I don't,I was under the impression that glass was superior to ceramic,for harder Japanese steels(hrc 60-65 ).

"This is of course at work where its just more convenient than bringing in my strop base different leather and felt pads with compounds and such.."
Agreed,space can get pretty tight at work so a full strop setup is out of the question.I actually get pretty decent results from a rolled up piece of cardboard but I know the glass or ceramic rod is the way to go..


----------



## shankster

Seb said:


> I quite like the HA Knife Mate which is a compact polished steel that fits in your pocket.



Very cool device,unfortunately the shipping and duty would cost more than the steel itself..


----------



## tk59

shankster said:


> Very cool device,unfortunately the shipping and duty would cost more than the steel itself..


Sounds like a fallacy to me. If that's the tool you need, it shouldn't matter. Regardless, for pros, I would definitely recommend a ceramic rod and the MAC 2k is very attractive because of the durability.


----------



## shankster

"Sounds like a fallacy to me"
$21.25 shipping + duty/tax(maybe) for a $40.00 device.No thanks(maybe if I could buy it locally), but thanks for the good advice on the MAC 2k..


----------



## Dave Martell

The borosilicate rod used to have two sides to it, the smooth side for straightening out a relatively sharp(ish) edge and a rough side for scratching up a dying edge. 

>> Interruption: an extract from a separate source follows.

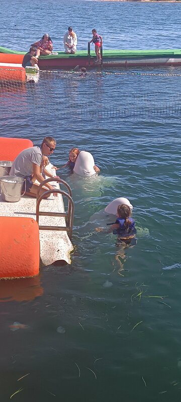 Твердая 5! Обожаем это место, каждый год заезжает на весь день. Дети смотрят тренировки животных, потом плавают на деньфинах и белухах. Нам интересно нырять на каменистом пляже, ловим крабов, видели ската. Есть детская горка и бассейн. В этом году загвоздка с питание, нет повара, но туда все едут на машине, поэтому ездили в соседнюю деревню за едой.
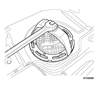 CAUTION: Mark the position of the fuel pump module on the top of the fuel tank prior to removal. The pump has to be properly aligned in the tank for the fuel gauge to work properly.

For those people concerned about cost there is a cheaper solution and that's to buy your own borosilicate rod online (very cheap) and rough it up with coarse sandpaper. It won't have a nice handle but it will fit in a knife roll better. Just search for glass blowing supplies - 10mm rod will be about perfect. You can also find it in laboratory glassware where the rods are used for mixing/stirring.


----------



## shankster

Hmmm..very interesting indeed.I think I'll look into this.Thanks for the great tip Dave! 
Let the hunt begin..


----------



## Dave Martell

For reference, here you can see the scratches in a borosilicate rod....


----------



## wenus2

FWIW: a cocktail muddler makes for a good cheap handle....


----------



## Seb

shankster said:


> "Sounds like a fallacy to me"
> $21.25 shipping + duty/tax(maybe) for a $40.00 device.No thanks(maybe if I could buy it locally), but thanks for the good advice on the MAC 2k..


 
It's not all that heavy so you could save money by combining shipping with other items.

I got one of these to fool around with and I freaking love it! I use it on my EDC folders, parers/utilities, steak knives, carbon Chinese cleavers and carbon Sabatiers as well as on gyutos up to 60 hardness.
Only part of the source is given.